A lot of code that's designed to convert or parse some data of type Foo into a Bar is written with the assumption that one wouldn't intentionally pass it invalid inputs. As such, it assumes that everything is correct and throws exceptions if it later realizes that something is wrong.

This is typically an appropriate thing to do; expect the inputs to be valid, throw if they're not. Unfortunately, there are some cases where the caller has a piece of data that could possibly represent different types. The simplest way to do so would be to try each of the possible parsers and use the output of whichever parser doesn't complain about it.

As a slightly forced but suitable example, let's say you're parsing incoming JSON data. As per some specification, a given string property can either be a number (as a string), one of a few magical keyword defined in an enum, or some other plaintext, each of which needs to call a corresponding add(int), add(MyEnum) or add(String) method.

The simplest way would basically boil down to

try {
    add(Integer.parseInt(input));
} catch (SomeException e) {
    try {
        add(MyEnum.valueOf(input));
    } catch (IllegalArgumentException e) {
        add(input);
    }
}

This blatantly goes against the oft-repeated mantra of "Don't control flow using exceptions", it falls prey to the dreaded performance cost of using try and throw, and it also goes against the notion that exceptions are only for, well, exceptional circumstances that typically shouldn't happen; here, we're basically explicitly saying "yep, there'll probably be an exception or two here before we're done".

Using parseInt as the main example, a slightly prettier approach would be to create a utility method along the lines of

public static OptionalInt tryParseInt(String s) {
    try {
        return OptionalInt.of(Integer.parseInt(s));
    } catch (NumberFormatException e) {
        return OptionalInt.empty();
    }
}

This is basically just hiding the exact same problems behind a pretty facade. Granted, it makes the calling code cleaner and it encapsulates the ugliness into a method dedicated to containing it, but it doesn't solve the underlying problems. It does however fit well into the "Keep it simple, stupid" rule of thumb.

A third option would to simply implement my own tryParseInt from scratch.

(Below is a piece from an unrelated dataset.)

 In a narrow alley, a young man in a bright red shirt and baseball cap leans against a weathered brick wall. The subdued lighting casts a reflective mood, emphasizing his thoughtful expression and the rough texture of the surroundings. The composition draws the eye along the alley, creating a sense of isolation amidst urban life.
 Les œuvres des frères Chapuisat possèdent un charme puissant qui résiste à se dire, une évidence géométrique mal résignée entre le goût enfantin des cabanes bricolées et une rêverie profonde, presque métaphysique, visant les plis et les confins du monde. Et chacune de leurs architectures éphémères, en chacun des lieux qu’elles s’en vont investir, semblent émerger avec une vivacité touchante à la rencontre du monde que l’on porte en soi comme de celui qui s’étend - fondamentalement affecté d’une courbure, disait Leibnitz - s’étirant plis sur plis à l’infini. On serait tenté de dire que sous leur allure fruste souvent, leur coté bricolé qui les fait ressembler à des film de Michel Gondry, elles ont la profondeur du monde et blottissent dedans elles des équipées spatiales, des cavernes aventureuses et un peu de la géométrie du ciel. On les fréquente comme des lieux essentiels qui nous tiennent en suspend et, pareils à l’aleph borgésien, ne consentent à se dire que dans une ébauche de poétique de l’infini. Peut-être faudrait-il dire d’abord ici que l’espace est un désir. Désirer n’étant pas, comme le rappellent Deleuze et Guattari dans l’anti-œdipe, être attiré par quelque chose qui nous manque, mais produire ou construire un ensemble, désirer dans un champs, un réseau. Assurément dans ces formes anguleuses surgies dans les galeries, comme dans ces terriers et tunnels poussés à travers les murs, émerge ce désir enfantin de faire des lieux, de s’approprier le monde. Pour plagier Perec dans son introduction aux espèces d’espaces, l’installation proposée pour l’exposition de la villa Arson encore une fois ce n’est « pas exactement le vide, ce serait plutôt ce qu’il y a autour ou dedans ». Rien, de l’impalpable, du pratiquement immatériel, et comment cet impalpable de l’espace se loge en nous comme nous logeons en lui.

Unfortunately, that means I've got to duplicate well-established and likely well-optimized functionality in the JDK. In the more general case as well, if I'm using a library to parse my Foo into a Bar, it's likely because parsing it is complicated to begin with. So, this is a case of reinventing the wheel instead of reusing existing functionality, which almost certainly makes it a considerably worse solution in all but the most trivial of cases.

Option 4A is to write a tryParseInt method that first validates the input, returning OptionalInt.empty() if the validation fails, and passes the input to Integer.parseInt if the validation succeeds. This has two drawbacks though. First, while not reimplementing the full functionality of Integer.parseInt, it still performs the same validation that's done implicitly by the JDK method. We are avoiding exceptions altogether, but at the cost of having to essentially replicate well-established logic. The second problem is that it's not always easy to write completely correct validation without effectively writing a parser, thus...

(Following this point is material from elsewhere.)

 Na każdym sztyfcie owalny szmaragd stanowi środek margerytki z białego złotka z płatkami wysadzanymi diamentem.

Option 4B is to write optimistic validation logic that works in all the common and likely cases, but may still let some special cases slip through. The call to the underlying parser would then still be wrapped in a try-catch with the assumption that the catch will rarely be used. Again using tryParseInt as an example, we could check if the string matches the regex [+\-]?\d{1,10} to cover 99% of the cases. [2147483648, 9999999999] and [-9999999999, -2147483649] would still be let through, throw and be caught, but they're unlikely to ever occur. This also doesn't solve the underlying structural problems but prevents like 99% of the performance impact of having to throw an exception (assuming that the validation is fast).

Again, Integer.parseInt and the rest are just simple examples of a more general problem when dealing with third-party parsers and similar.

Basically, my question boils down to how to compromise between the different, inherently incompatible, rules of thumb. Do we want to blindly abolish intentional exceptions altogether? Do we want to limit most of the exceptions' performance impact without adding too much complexity? Does simplicity and maximal code reuse outweigh those "nit-picky details" and "premature micro-optimizations"?

Is there a commonly accepted best practice for situations like this?

  • 2
    As a rule, efficiency concerns should predominate only in small, critical, oft-repeated areas of a code base. Handling textual input is usually not one of these areas. Therefore, in many such cases I would probably ignore the received wisdom about exception cost. – Kilian Foth Aug 02 '18 at 14:04
  • How critical is performance in your context? In other words, how much would it hurt you to have the try/catch overhead? – Aganju Aug 02 '18 at 14:55
  • It is not hard to parse this or any other well defined text properly, you should not even consider doing this any other way. – Martin Maat Aug 02 '18 at 17:12
  • If you are mass importing a bunch of text files that require parsing, then the overhead of exception handling is very noticeable and measurable. If you are attempting to parse the occasional user input, the impact of the exception handling is hardly noticeable. The `tryParse` idea does have some merit __if__ you aren't just hiding an exception. The process of acquiring the current stack trace is what causes the impact. You'll have to make your decisions based on how your application does things. – Berin Loritsch Aug 02 '18 at 17:58

1 Answers1

3

The reason your struggling with this is that there is no clear answer. The situation is ambiguous.

It helps to remember that rules of thumb are guidelines, not absolute requirements.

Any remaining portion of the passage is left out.